- Developer: Sir-Tech
- Publishers: NA: Sir-Tech; EU: Virgin Interactive;
- Producer: Ian Currie
- Designers: Ian Currie Linda Currie Shaun Lyng Alex Meduna
- Programmers: Ian Currie Alex Meduna
- Artist: Jennifer Hamilton
- Writer: Shaun Lyng
- Composers: Guido Henkel Steve Wener
- Series: Jagged Alliance
- Platform: MS-DOS
- Release: NA: September 12, 1996; EU: 1996;
- Genres: Tactical role-playing, turn-based tactics
- Modes: Single-player, multiplayer

= Jagged Alliance: Deadly Games =

1996 video game

Jagged Alliance: Deadly Games is a tactical role-playing game developed and published by Sir-Tech as a sequel to Jagged Alliance. It was released in 1996 for MS-DOS.

==Gameplay==
In Deadly Games, the player takes a group of mercenaries through a series of missions. The missions are linked chronologically, removing the need for micro-management on a strategic map. The scenario branches somewhat depending on the player's successes and failures. There are multiple terrain types, the mercenaries are hired and fired between missions, and Micky, the first equipment trader of the series, offers his services; for example, he may occasionally sell the player junk equipment, thereby prompting the mercs to voice their displeasure with the deal. The game features the same engine and top-down perspective as the original game. The scenario missions place the player under orders of soldier of fortune Gus Tarballs. Initially, they do not appear connected, however, the ultimate objective is to annihilate the DfK, an organisation attempting to launch satellites in space for destructive use. Non-scenario missions are also under the orders of Tarballs.
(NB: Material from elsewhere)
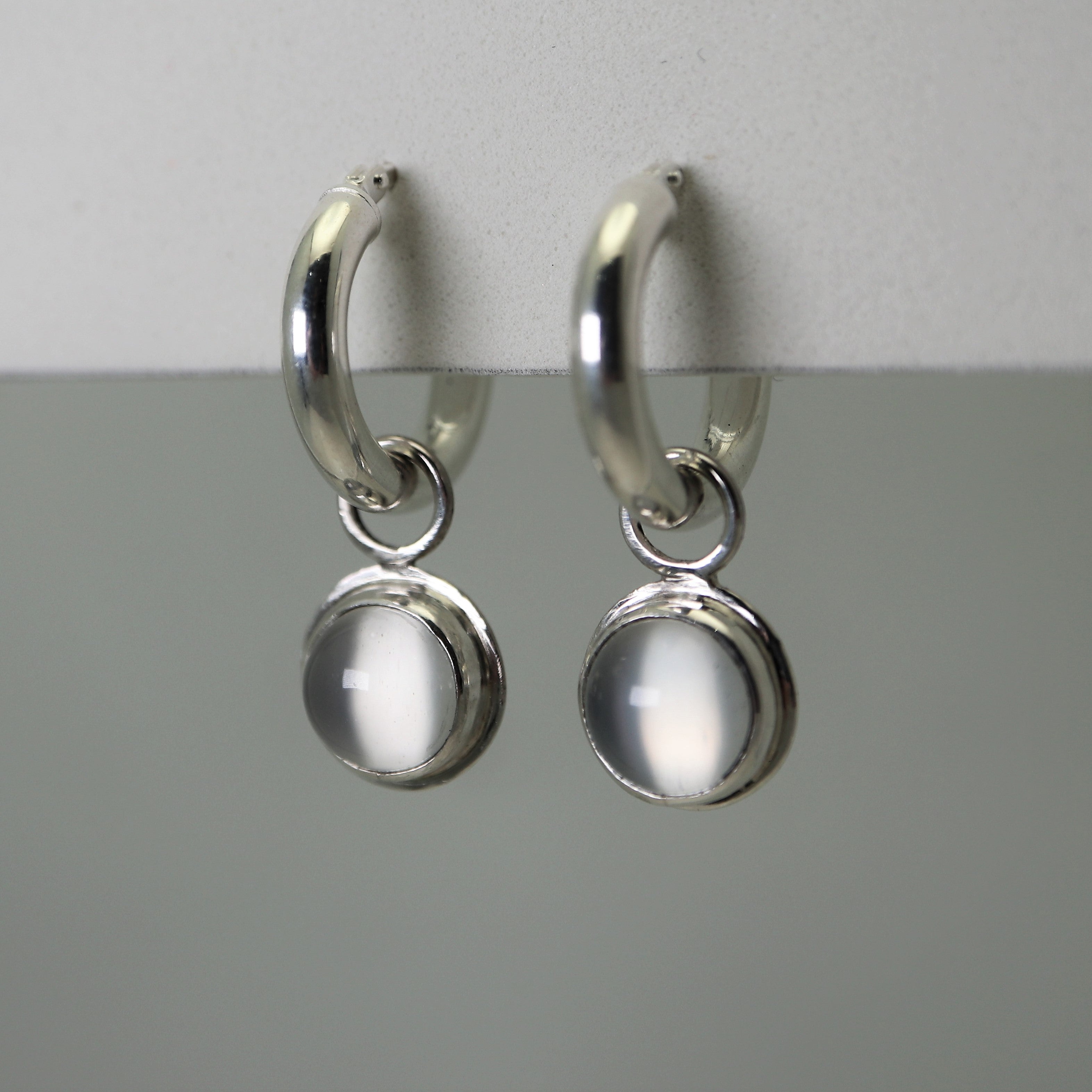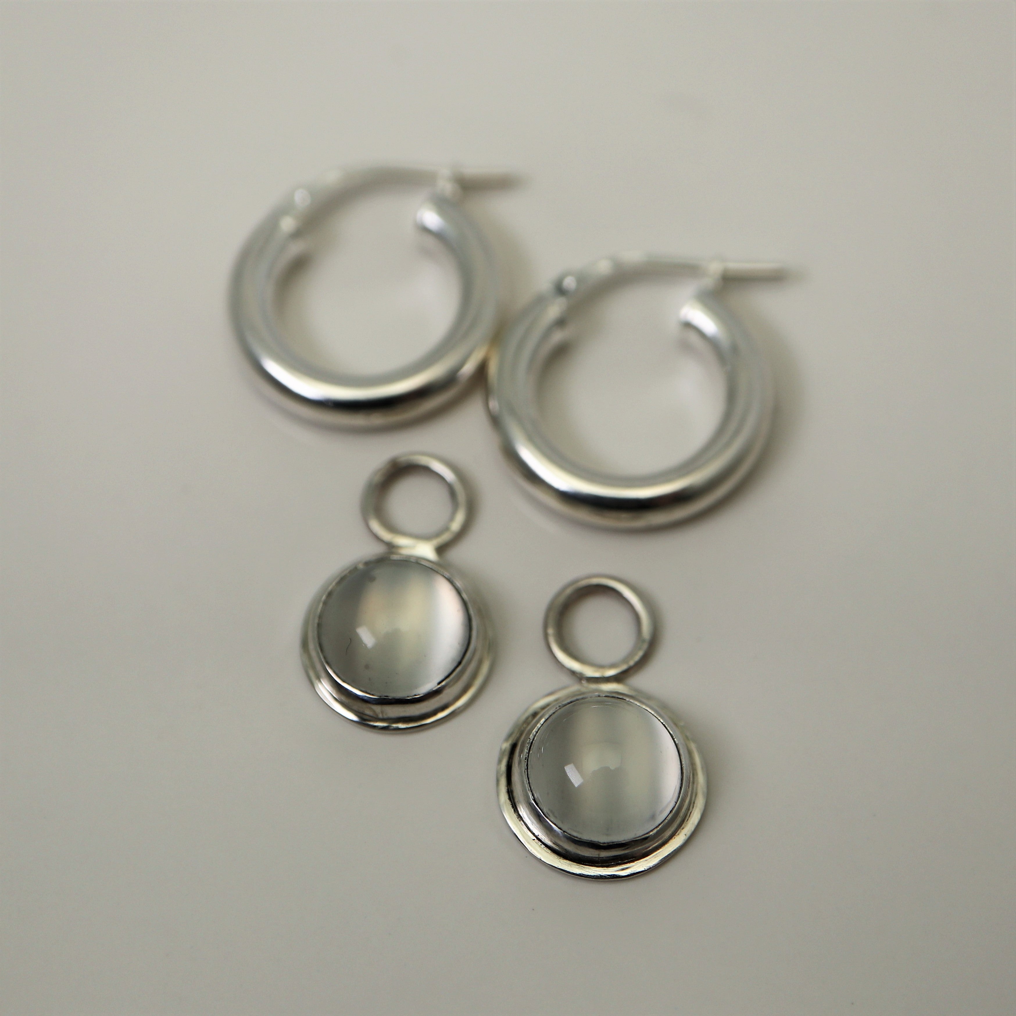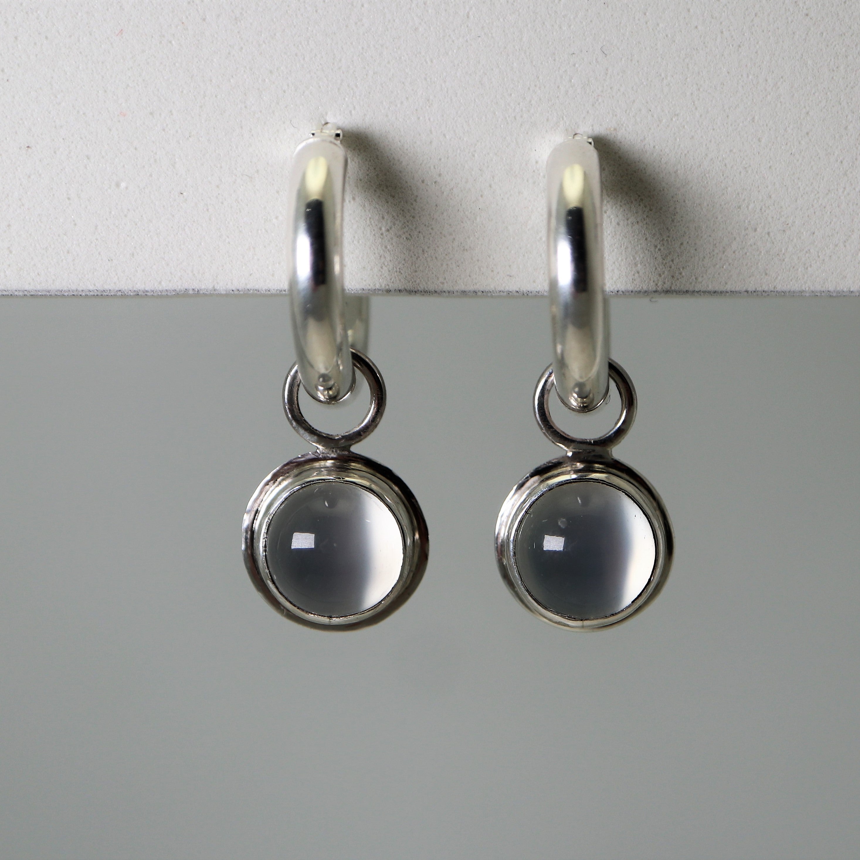 styled to hang on 3mm thick hoops, bold but in an everyday anywhere proportion.

The most innovative aspects of Deadly Games include a wide variety of special ops mission types like hostage rescues, demolition and infiltration missions. It featured turn limits and a boosted artificial intelligence (AI) as well as networked multiplayer capabilities. The integrated scenario and campaign editors allow for the creation of custom strategic scenarios, adding to the replay value. Mercenary weapons can be modified by adding scopes, Suppressors and barrel extenders. Heavier equipment such as Grenade launchers and mortars are available as well.

==Development==
In July 1996, Sir-Tech announced that Deadly Games would appear on the Total Entertainment Network multiplayer service.

GOG.com released an emulated version for Microsoft Windows in 2008.

==Reception==

Like its predecessor, Deadly Games was a commercial success. William R. Trotter of PC Gamer US wrote that it "sold very well", while Jagged Alliance designer Ian Currie called it "hugely successful".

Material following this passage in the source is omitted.